- [Work request]:
Each record below must be reproduced exactly as it reads, with its images omitted.

((

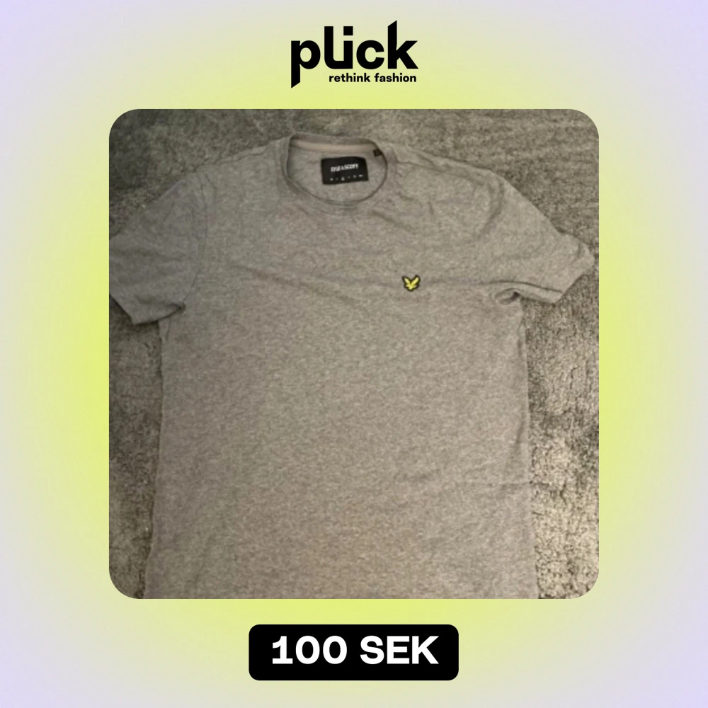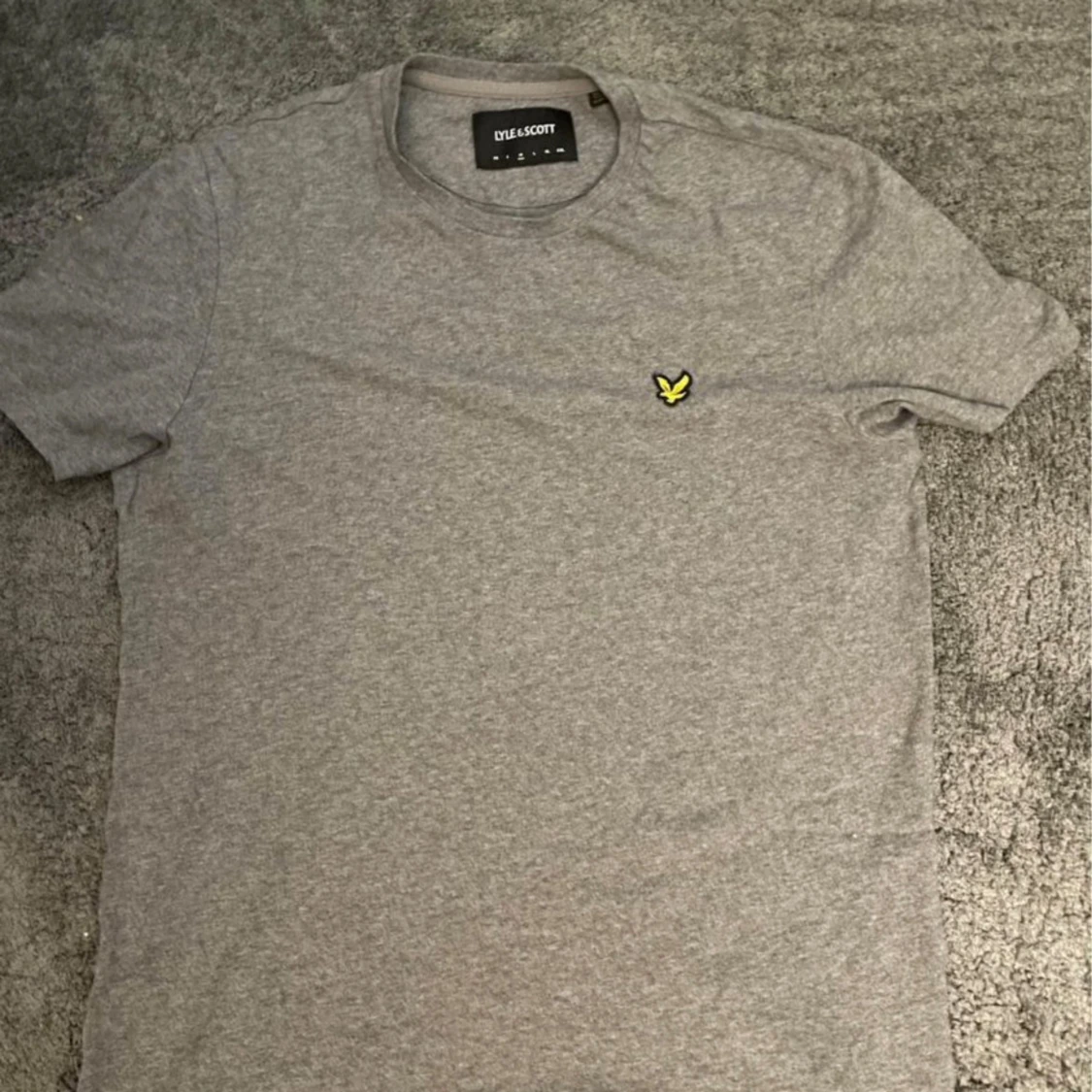 En grå t-shirt från Lyle & Scott med en liten gul logotyp på bröstet. T-shirten har korta ärmar och en rund halsringning. Passar L och M
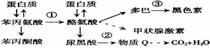 37.(7分)下图所示人体内苯丙氨酸与酪氨酸的代谢途径,图中的数字分别代表三种酶。
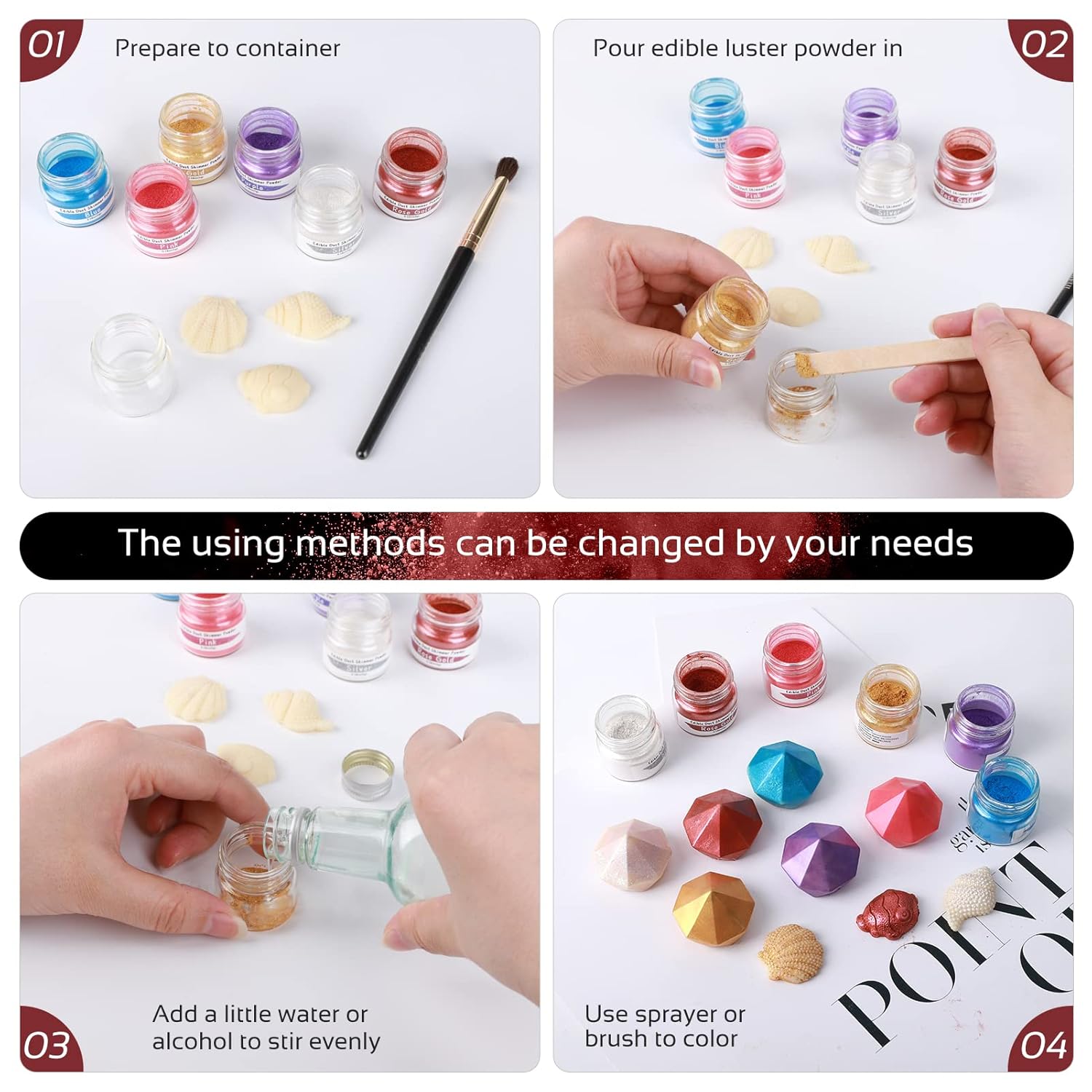 - 【High-quality Luster Edible Dust Powder】Made of food grade mica powder imported from Germany and food coloring, no sugar or spices are added. Dairy-free, gluten-free, vegan, and MSDS-certified ingredients!
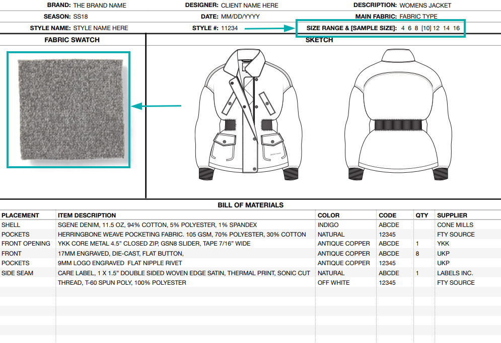 Tech packs is a detailed document containing technical specifications for a product, including:
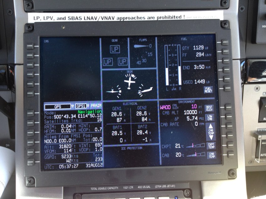 Just after passing over the equator – Finally an “S” not an “N” on the GPS display Published September 1, 2012 at 3264 × 2448 in Ferry Flight 7: Vietnam to Bali
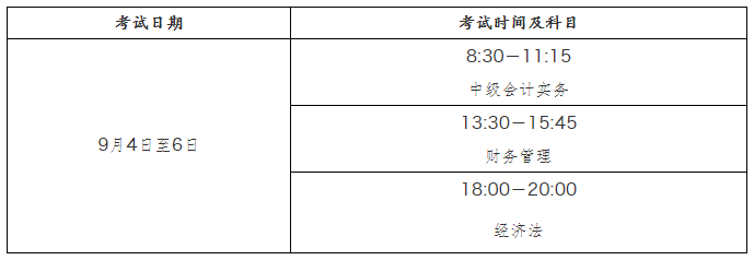 (一)中级会计资格考试于2021年9月4日至6日举行,共3个批次,各科目具体考试时间如下:
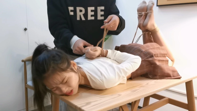 小郭长得非常像现在的演员张婧仪,就像是一个模子里刻出来的一样。小郭的柔韧性是很不错的,这次就用最紧的后手观音驷马加超长时间放置来考验她,结果小郭最后绑的崩溃了,戴着口球只能呜呜的哭,最后解开一下就大哭起来了,彻底给绑出心理阴影来了。
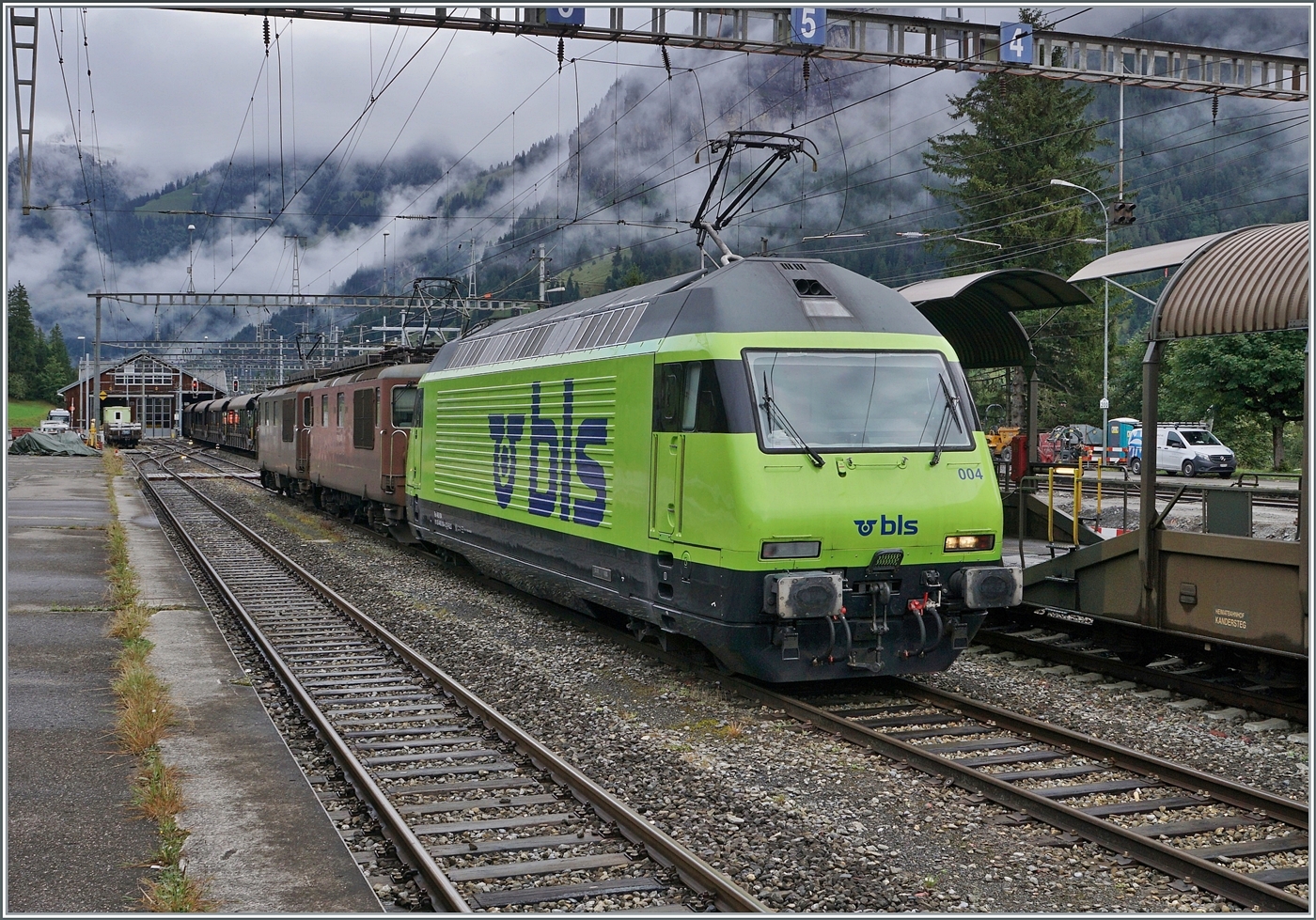 In Kandersteg stehen hinter der BLS Re 465 004 die beiden BLS Re 4/4 192 und 184 aufgebügelt und warten auf einen nächsten Einsatz. 12. Sept. 2024

))

- [Task response]:
 En grå t-shirt från Lyle & Scott med en liten gul logotyp på bröstet. T-shirten har korta ärmar och en rund halsringning. Passar L och M
 37.(7分)下图所示人体内苯丙氨酸与酪氨酸的代谢途径,图中的数字分别代表三种酶。
 - 【High-quality Luster Edible Dust Powder】Made of food grade mica powder imported from Germany and food coloring, no sugar or spices are added. Dairy-free, gluten-free, vegan, and MSDS-certified ingredients!
 Tech packs is a detailed document containing technical specifications for a product, including:
 Just after passing over the equator – Finally an “S” not an “N” on the GPS display Published September 1, 2012 at 3264 × 2448 in Ferry Flight 7: Vietnam to Bali
 (一)中级会计资格考试于2021年9月4日至6日举行,共3个批次,各科目具体考试时间如下:
 小郭长得非常像现在的演员张婧仪,就像是一个模子里刻出来的一样。小郭的柔韧性是很不错的,这次就用最紧的后手观音驷马加超长时间放置来考验她,结果小郭最后绑的崩溃了,戴着口球只能呜呜的哭,最后解开一下就大哭起来了,彻底给绑出心理阴影来了。
 In Kandersteg stehen hinter der BLS Re 465 004 die beiden BLS Re 4/4 192 und 184 aufgebügelt und warten auf einen nächsten Einsatz. 12. Sept. 2024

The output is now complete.